The service-oriented architecture in FIG. 13 will use the real-time metrics collected in Block 1310 to perform parallel analysis and prediction steps in Block 1320 and Block 1330, which are for analyzing and predicting provider SLA violations and analyzing and predicting consumer obligation violations, respectively. The analysis and prediction in Block 1320 relating to provider SLA violations helps the service-oriented architecture efficiently analyze, predict, and take actions based on the aggregated real-time metrics (from Block 1310). As mentioned, by virtue of aggregating the data at a global and local level, the system can achieve a higher level of granularity and accuracy with respect to specifically identifying problems in the resources being provided by the provider (which in turn helps predict possible provider SLA violations) at Block 1320. By the same principles, the system can also achieve better granularity and accuracy with respect to identifying problems in the consumer's performance according to the obligations imposed on the consumer when the consumer's obligation-bound SLA was submitted to the service-oriented architecture at Block 1330.

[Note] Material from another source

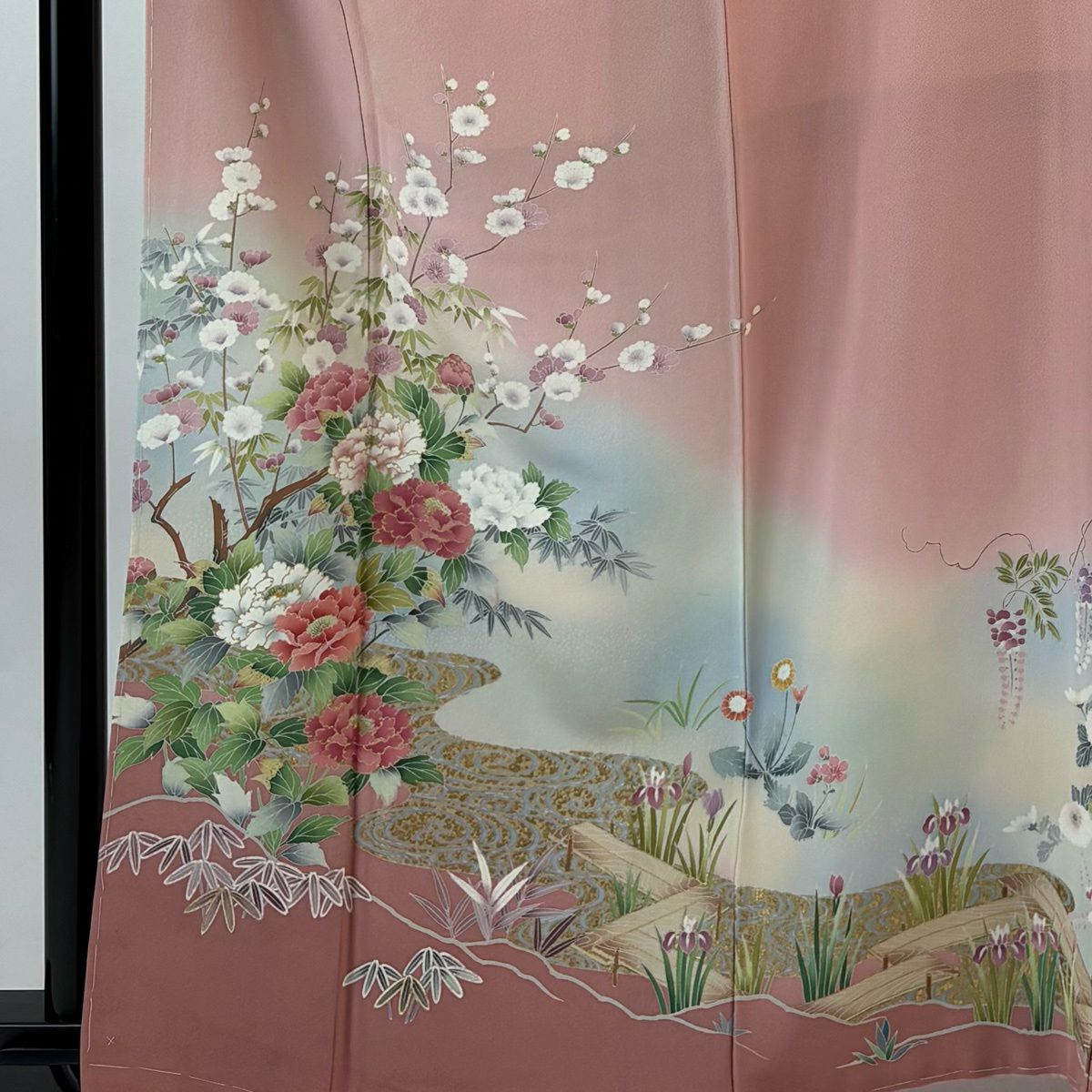 【美品】 訪問着 身丈156cm 裄丈66.5cm M 袷 やまと 落款あり 枝花 橋 ぼかし サーモンピンク 正絹 秀品

Once possible violations have been identified at Block 1320 and/or Block 1330, the service-oriented architecture includes an “Evaluate Mitigation Step” at Block 1340. Depending upon the violations identified, any of several steps can be taken as illustrated in Blocks 1350, 1360, and 1370. As illustrated in these respective action blocks, the violations can be addressed by: adding more resources, assigning different resources, or otherwise re-provisioning resources (as indicated in Block 1350); alerting the consumer to the problem, such that the consumer could resubmit the job, reconfigure the job, assign the job to another provider, or take some other action (as indicated in Block 1360); or throttle or shut down a consumer (or specifically an agent process/daemon) operating on a consumer computer (Block 1370).

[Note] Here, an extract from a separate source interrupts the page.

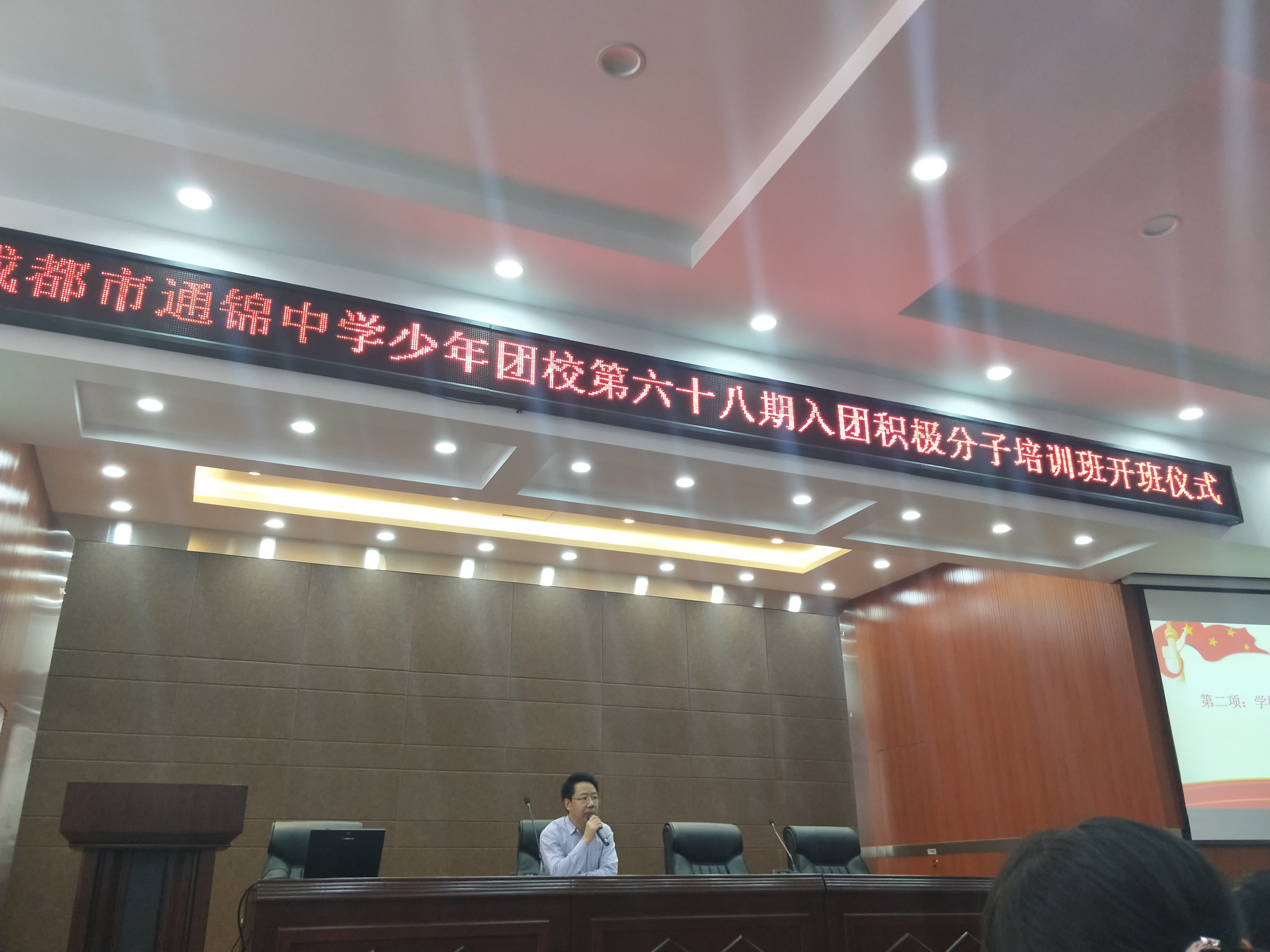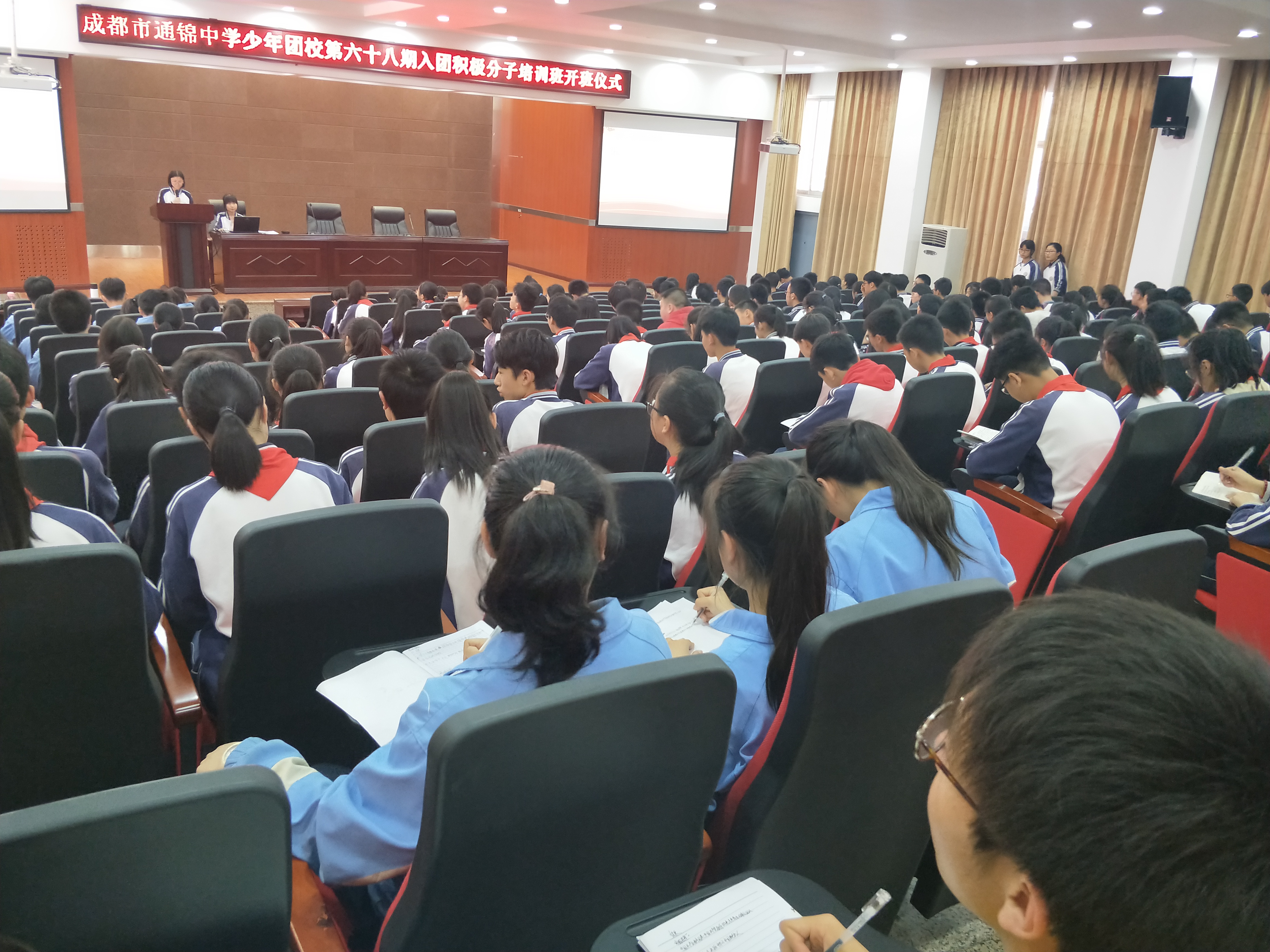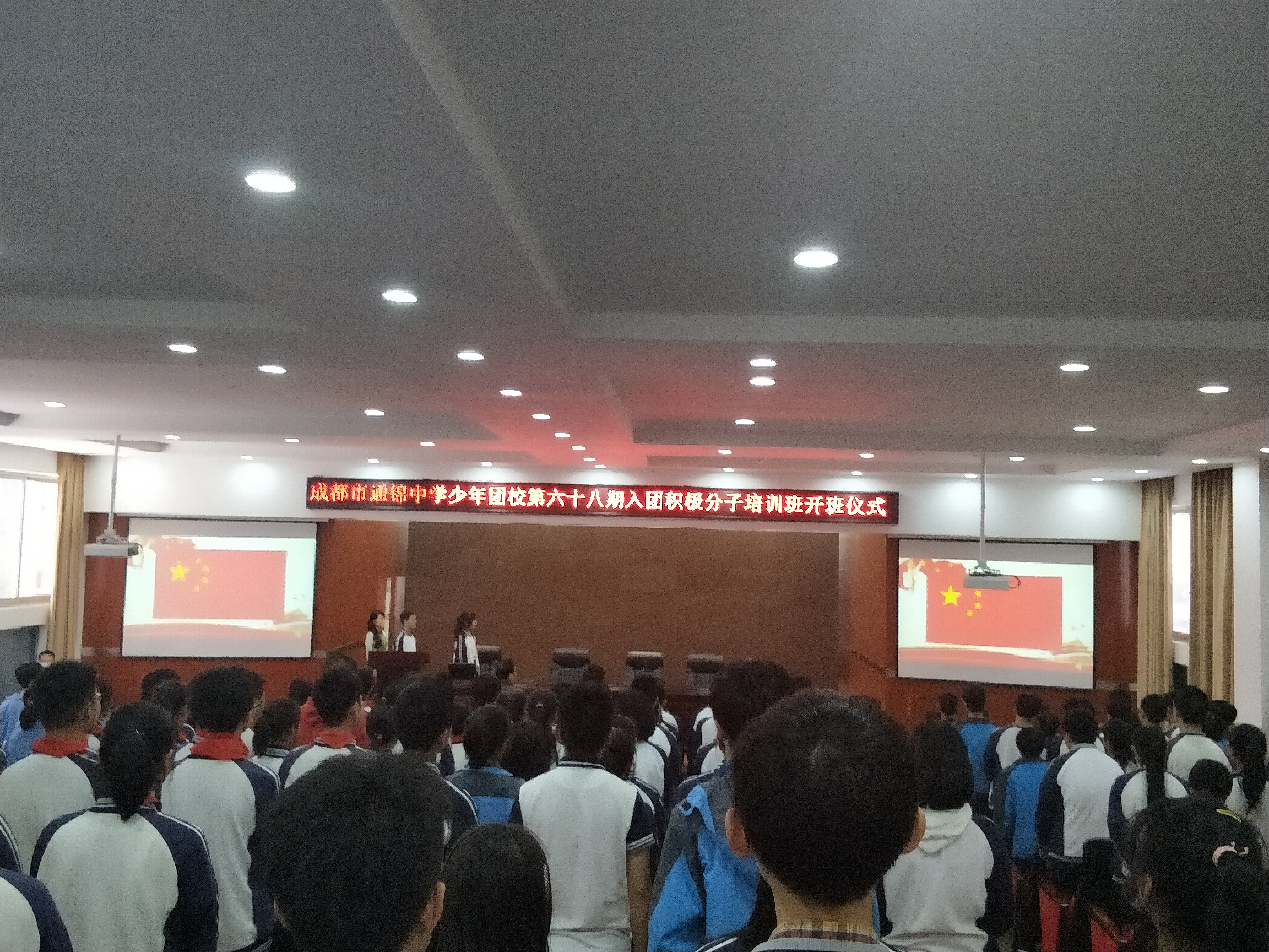 2019年5月10日星期五中午12:50,通锦中学校来自初二初三高一高二四个年级共163位同学,齐聚报告厅,参加少年团校第六十八期入团积极分子培训班的开班仪式。

FIG. 14 is a block diagram showing a system 1400 for implementing an embodiment of an SPM. In an embodiment, an SPM computer 1410 implementing features of an SPM includes a bus or other communications means for communicating information between the components of the SPM computer 1410. The SPM computer 1410 may further includes a processor coupled to the bus and a memory element, e.g., a random access memory (RAM) or other dynamic storage device also coupled to the bus. The memory element stores instructions for execution by the processor. The memory element may also store temporary variables. The SPM computer 1410 may include a mass storage device coupled to the bus for storing information that is not accessed as regularly as information stored in the memory element. The SPM computer 1410 may also include a communication device. If the SPM computer 1410 is implementing one portion of one embodiment of the system, then the communication device allows the SPM computer 1410 to communicate with other portions of the system, including all the services. The SPM computer 1410 may be a single SPM computer or may be multiple SPM computers.


Modules of the SPM system operate on the processor in the SPM computer 1410. Rules and measurements may be stored on databases 1420, 1430 and may be accessed by the SPM computer 1410 and implemented or used by the modules of the SPM system. The SPM computer 1410 sends and receives information through a network 1450 to and from one or more SOA application computers 1460. SPM probes 1465 are located on the SOA application computers 1460 and can monitor data pertinent to SOA platforms. In an embodiment, the probes are directly embedded inside the container infrastructure. Information gathered by the probes 1465 may be distributed to the SPM computer 1410 running the SPM system services, through a network 1450. Measurements and rules may be stored in databases 1420, 1430 and may be accessed by the SPM computer 1410. Results and metrics may be sent through a network 1440 to a display computer 1470. In an embodiment, a display computer 1470 may execute a dashboard, which may include displaying results and metrics on a dashboard console 1480. In an embodiment, the SPM computer 1410 may write update the display computer and the dashboard console, through the network 1440.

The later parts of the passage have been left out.